Im lining up my list of greenhouse seeds to get next..Im gonna go with Great white shark,white rhino and the new lemon skunk and if I get soem males Im crossing whatever I have and calling it Fuck You Bud mmm mixed unknow creations from amsterdamn breeder stock lol


----------



## 420 (Feb 22, 2008)

yo i want to try some of that Fuck You Bud once u've made it


----------



## thedoctorzoidberg (Feb 23, 2008)

placed an order on 2-22-08

barneys farm blue cheese 5pack fems
white label white widow 5pack fems
original lowryder 10pack reg
with two freebies
northern lights x skunk 5pack fems
crystal skunk 5 pack. reg??? i think.

let you know when i get em, delivery is to michigan, ordered with credit card.


----------



## Budda_Luva (Feb 23, 2008)

2-23 in the morning still no seeds im hopin i get them today we will see


----------



## GatorsGrow (Feb 23, 2008)

Does Nirvana send the packages with U.S. mail or a private service like UPS or Fedex?


----------



## thedoctorzoidberg (Feb 23, 2008)

the send international standard and international signed for..... the mail man brings em.

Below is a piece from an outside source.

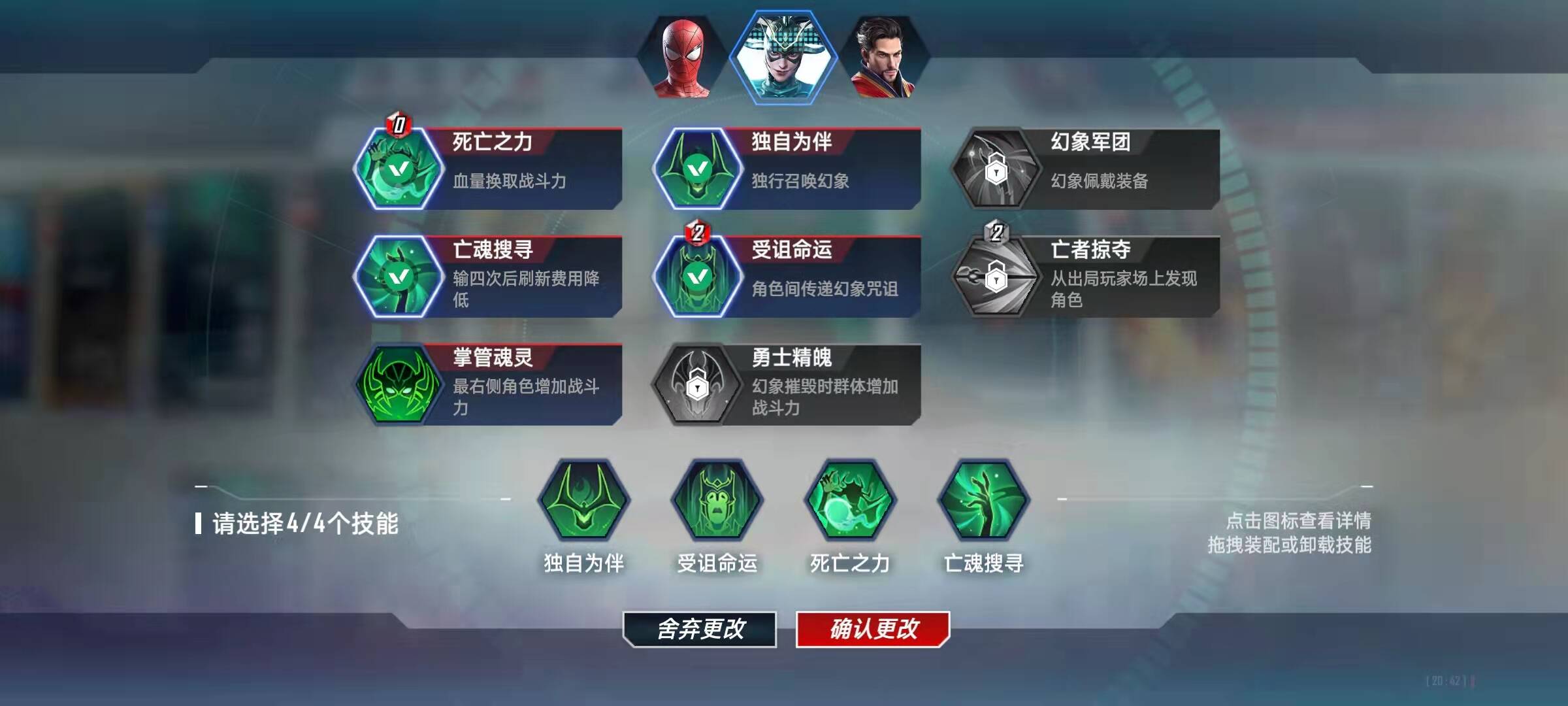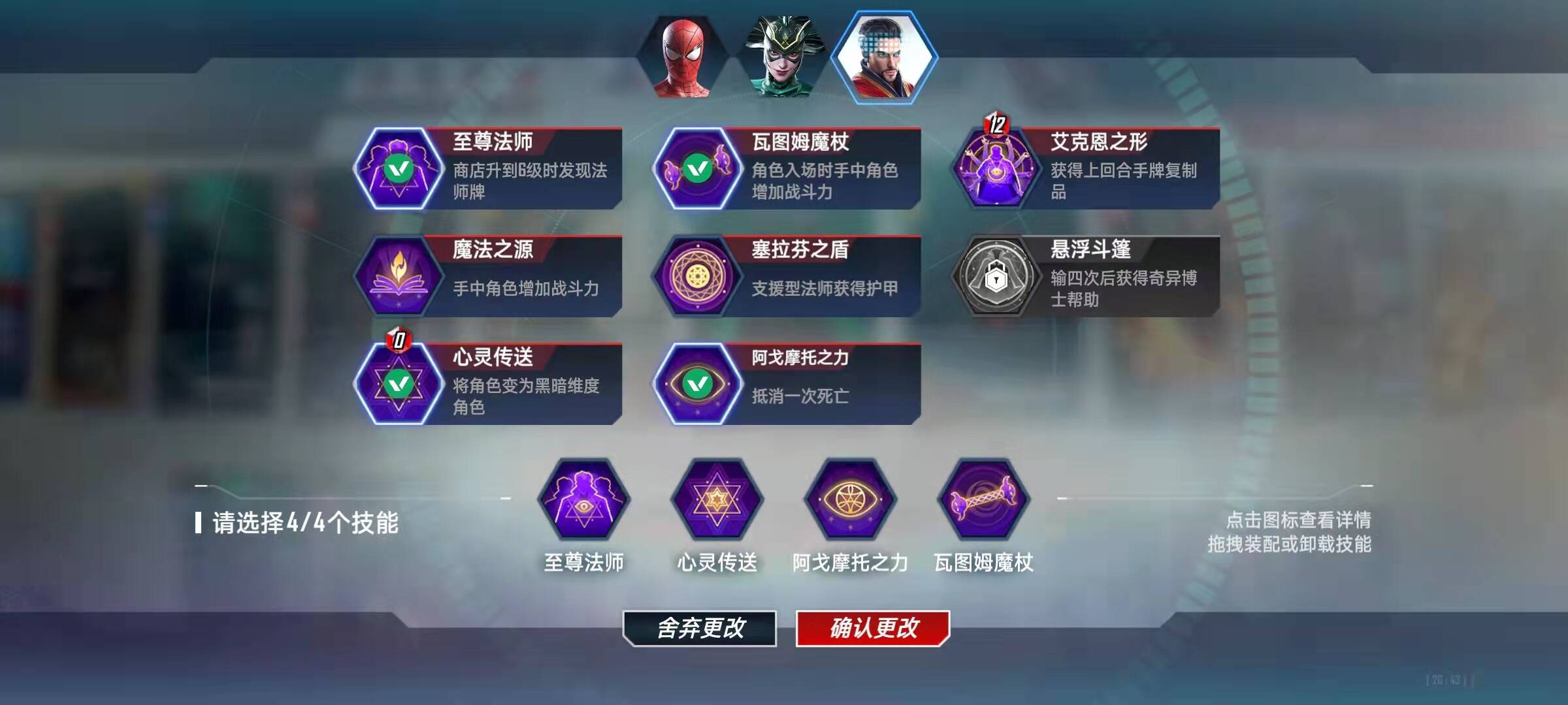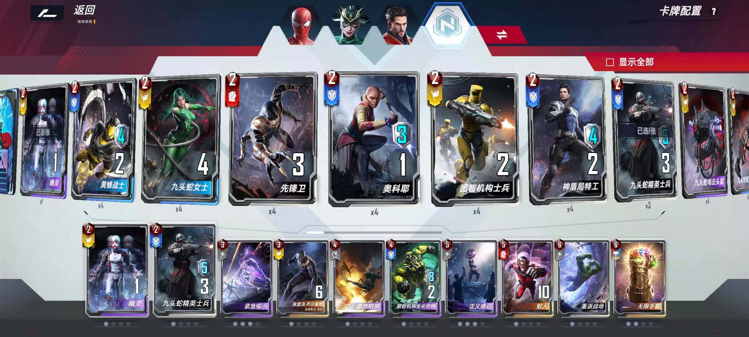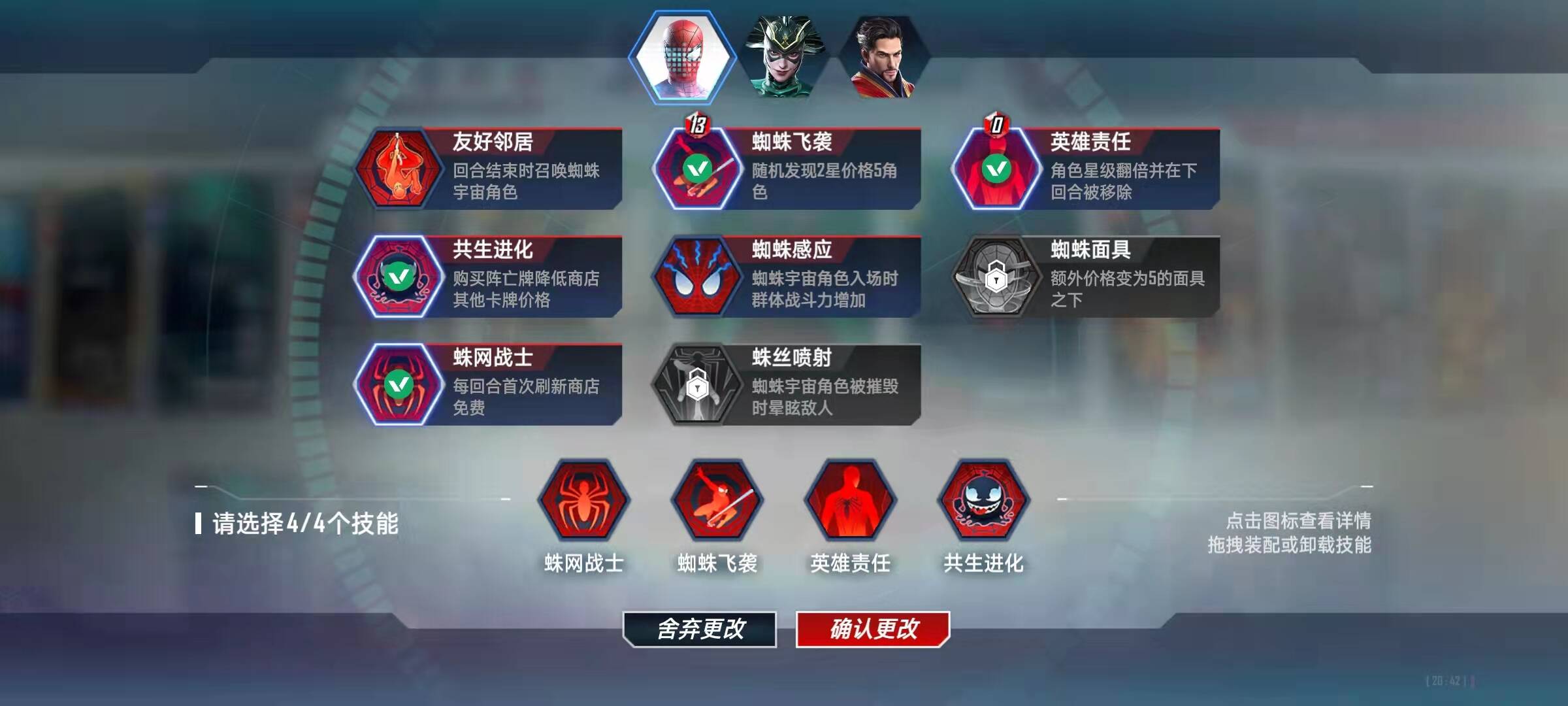 技能选择方面,主要还是以博士的技能为主(如果有蜘蛛侠氪金技能英雄责任,可以优选英雄责任,博士节能起码要给2个宝石,4个最好,如果没有宝石,可以选蜘蛛侠的)(如果有星爵技能携手破敌,可以看2.0里的卡组)。

i have ordered from drchronic and received my packages within 7 days from ordering, unfortunatly, he does not ship to usa anymore.


----------



## Budda_Luva (Feb 26, 2008)

Juss got my MISTY BABIES TODAY 2-26 there gunna be my buddies 18 days from ship


----------



## Blaboy21 (Feb 28, 2008)

Just got my blue mystic today 2-28 17 days from shiped with weekends not too bad but lets see how the seeds do


----------



## thedoctorzoidberg (Mar 1, 2008)

recieved order place by greendot credit card today, 8 days from order to michigan.


----------



## GerryWanna (Mar 1, 2008)

I don't know how long it takes to ship. BUT! it took them 7 days just to put my seed order together. Nirvana just confirmed my order was shipped yesterday.


----------



## Budda_Luva (Mar 1, 2008)

damn doctor u got all ur stuff pretty quick i wish i got all mine that fast


----------



## Peg (Mar 2, 2008)

Just ordered some Hindu Kush today from Nirvana. Used credit card and sent it to my app. under another name. Not too worried because if it gets fucked you can just deny everything and say the cc was stolen. Non the less I'll post times so we can at least keep a record of times for order sites. Have fun growing everyone!


----------



## Virulent Amoeba (Mar 3, 2008)

Bean day
Nirvana ====> North Texas 9 days from ship!


----------



## thedoctorzoidberg (Mar 3, 2008)

Virulent Amoeba said:


> Bean day
> Nirvana ====> North Texas 9 days from ship!


isn't it fun?


----------



## chronic420 (Mar 3, 2008)

what'd all of u use??


----------



## vertise (Mar 4, 2008)

this is my PPP from nirvana seeds. Its Pure Power Plant. I posted pictures on this site in the harvest curing section. Some one seems to think that my PPP is actually Purple power. Purple power however is not what i ordered, but i personally think its legit Pure Power plant. What do you guys think. Did nirvana screw up my order. 
https://www.rollitup.org/harvesting-curing/54706-top-cola-purple-ppp-harvested.html


----------



## Virulent Amoeba (Mar 4, 2008)

chronic420 said:


> what'd all of u use??


http://www.Nirvana-shop.com 9 day del time mid-USA & 
cannabis seeds | Marijuana seeds | Dutch Passion | Sensi Seeds | Greenhouse seeds | Nirvana seeds ordered 3 days ago.
Used this bank to get greenhouse & Dutch-Passion Seeds.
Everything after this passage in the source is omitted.